- Born: Oddbjørn Sverre Blindheim 24 February 1944 (age 82) Vigra, Sunnmøre, Norway
- Genres: Jazz
- Occupation: Musician
- Instrument: Piano

= Oddbjørn Blindheim =

Norwegian jazz pianist and dentist

Oddbjørn Sverre Blindheim (born 24 February 1944 in Ålesund, Norway) is a jazz pianist from Vigra, the older brother of jazz bassist Svein Olav Blindheim, and a veteran on the Norwegian jazz scene.

== Biography ==
Blindheim started playing the piano as a teenager, when he rudely awakened to Bud Powell and Horace Silver. He finished dental studies in Oslo, and actively participated in the capital jazz scene during his studies. Over the years, he kept in touch with the jazz community and playing at times with touring musicians as well as with his own trio. As pianist, arranger and interpreter of beads from the jazz history, he is loud voice at the Norwegian jazz scene. With his trio he released the album Horace Hello (1999) is a tribute to Horace Silver with his brother Svein Olav on upright bass and drummer Håkon Mjåset Johansen.

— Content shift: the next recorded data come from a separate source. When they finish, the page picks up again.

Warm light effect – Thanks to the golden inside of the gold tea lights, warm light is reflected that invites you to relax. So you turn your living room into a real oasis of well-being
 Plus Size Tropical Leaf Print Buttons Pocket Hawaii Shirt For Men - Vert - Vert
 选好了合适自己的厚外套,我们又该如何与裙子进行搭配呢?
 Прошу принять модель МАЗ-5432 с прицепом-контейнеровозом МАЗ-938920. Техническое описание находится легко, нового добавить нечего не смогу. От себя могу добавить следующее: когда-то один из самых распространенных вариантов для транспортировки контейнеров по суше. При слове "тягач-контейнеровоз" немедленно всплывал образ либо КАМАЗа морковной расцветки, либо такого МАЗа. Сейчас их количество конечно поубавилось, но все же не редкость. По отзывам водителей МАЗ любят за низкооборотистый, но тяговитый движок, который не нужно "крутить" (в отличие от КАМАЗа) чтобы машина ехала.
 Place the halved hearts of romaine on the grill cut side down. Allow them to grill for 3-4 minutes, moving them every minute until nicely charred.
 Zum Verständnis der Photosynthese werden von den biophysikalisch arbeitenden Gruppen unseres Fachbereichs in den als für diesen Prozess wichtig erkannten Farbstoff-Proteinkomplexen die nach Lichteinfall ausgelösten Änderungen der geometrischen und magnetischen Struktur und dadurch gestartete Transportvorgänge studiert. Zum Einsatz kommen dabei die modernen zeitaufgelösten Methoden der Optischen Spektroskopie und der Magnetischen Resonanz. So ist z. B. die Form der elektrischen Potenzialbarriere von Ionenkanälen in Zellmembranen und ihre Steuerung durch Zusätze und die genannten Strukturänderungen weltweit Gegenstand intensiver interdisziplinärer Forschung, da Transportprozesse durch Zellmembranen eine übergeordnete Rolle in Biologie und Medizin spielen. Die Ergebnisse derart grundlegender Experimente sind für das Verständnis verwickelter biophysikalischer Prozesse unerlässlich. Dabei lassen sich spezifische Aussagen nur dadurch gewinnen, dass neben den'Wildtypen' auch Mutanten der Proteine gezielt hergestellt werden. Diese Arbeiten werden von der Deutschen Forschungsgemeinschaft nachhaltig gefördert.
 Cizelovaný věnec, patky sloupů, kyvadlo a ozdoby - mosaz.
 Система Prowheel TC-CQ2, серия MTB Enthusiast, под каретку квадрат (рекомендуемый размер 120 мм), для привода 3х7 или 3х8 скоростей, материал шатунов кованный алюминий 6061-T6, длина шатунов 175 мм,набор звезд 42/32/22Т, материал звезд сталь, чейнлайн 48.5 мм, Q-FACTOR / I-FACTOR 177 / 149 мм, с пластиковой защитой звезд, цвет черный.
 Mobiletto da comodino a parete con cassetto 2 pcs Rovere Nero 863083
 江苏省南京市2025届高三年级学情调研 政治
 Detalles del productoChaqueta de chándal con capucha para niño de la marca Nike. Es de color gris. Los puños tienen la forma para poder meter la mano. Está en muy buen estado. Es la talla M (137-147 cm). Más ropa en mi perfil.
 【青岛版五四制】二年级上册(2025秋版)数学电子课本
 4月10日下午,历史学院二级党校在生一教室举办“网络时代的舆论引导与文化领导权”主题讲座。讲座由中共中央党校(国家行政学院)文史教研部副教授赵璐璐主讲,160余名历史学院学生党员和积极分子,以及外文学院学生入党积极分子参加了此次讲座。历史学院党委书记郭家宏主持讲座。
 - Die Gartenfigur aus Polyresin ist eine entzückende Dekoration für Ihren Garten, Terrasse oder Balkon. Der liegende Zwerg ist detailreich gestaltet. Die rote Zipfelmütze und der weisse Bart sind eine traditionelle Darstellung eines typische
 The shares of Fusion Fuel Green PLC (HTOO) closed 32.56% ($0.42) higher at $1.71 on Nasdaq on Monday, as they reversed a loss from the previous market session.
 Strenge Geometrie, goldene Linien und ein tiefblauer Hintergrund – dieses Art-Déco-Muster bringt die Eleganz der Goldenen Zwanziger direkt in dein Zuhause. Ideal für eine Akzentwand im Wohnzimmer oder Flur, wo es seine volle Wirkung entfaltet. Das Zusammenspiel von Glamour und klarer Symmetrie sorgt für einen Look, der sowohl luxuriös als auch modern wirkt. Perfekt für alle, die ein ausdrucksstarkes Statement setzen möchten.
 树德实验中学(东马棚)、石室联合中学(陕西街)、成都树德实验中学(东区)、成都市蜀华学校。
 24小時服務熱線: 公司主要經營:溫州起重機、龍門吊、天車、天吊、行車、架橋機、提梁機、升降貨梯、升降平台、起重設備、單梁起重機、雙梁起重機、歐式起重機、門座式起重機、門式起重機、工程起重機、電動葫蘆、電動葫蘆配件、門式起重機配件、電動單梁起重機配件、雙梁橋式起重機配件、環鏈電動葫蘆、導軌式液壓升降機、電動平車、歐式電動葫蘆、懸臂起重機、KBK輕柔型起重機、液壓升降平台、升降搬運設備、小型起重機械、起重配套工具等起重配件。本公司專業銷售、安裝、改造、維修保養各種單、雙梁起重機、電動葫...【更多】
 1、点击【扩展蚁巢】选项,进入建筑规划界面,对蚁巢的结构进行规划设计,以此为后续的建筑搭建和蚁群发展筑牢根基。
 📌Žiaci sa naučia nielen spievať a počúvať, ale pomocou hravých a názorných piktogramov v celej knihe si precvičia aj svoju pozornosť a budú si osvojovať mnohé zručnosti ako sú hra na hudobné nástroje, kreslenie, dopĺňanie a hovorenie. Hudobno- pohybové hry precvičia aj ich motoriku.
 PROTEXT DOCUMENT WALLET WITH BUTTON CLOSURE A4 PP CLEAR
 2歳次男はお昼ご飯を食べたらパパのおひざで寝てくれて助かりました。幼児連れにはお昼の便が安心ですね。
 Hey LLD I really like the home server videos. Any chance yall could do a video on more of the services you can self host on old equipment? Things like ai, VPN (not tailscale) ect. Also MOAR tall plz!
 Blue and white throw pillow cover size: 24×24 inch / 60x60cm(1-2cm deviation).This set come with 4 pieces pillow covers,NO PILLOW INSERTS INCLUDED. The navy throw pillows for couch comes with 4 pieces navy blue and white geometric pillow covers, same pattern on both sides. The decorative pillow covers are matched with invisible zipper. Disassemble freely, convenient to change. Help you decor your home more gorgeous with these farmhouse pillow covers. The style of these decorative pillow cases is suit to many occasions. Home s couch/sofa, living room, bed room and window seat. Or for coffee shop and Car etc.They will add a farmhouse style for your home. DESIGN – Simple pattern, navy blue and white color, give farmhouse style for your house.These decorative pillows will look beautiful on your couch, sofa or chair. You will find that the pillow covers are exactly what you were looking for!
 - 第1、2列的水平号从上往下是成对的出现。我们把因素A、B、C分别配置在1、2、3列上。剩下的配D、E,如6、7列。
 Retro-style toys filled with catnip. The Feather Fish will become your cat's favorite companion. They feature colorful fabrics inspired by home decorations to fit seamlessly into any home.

It received excellent reviews in the international press, presenting compositions of some key jazz pianists from 1950 to 1960. Blindheim is influenced by some of the key jazz pianists from 1950 to 1960 like Thelonious Monk, Bud Powell, Horace Silver, Bobby Timmons, Randy Weston, Ray Bryant, Vic Feldman, Sonny Clark and Jan Johansson. Blindheim's latest album Piano Pals (2014) with bassist Bjørn Alterhaug and drummer Eyvind Olsen Wahlen, where he finds inspiration in The Golden Age of Modern Jazz, the 1950s and the 1960s.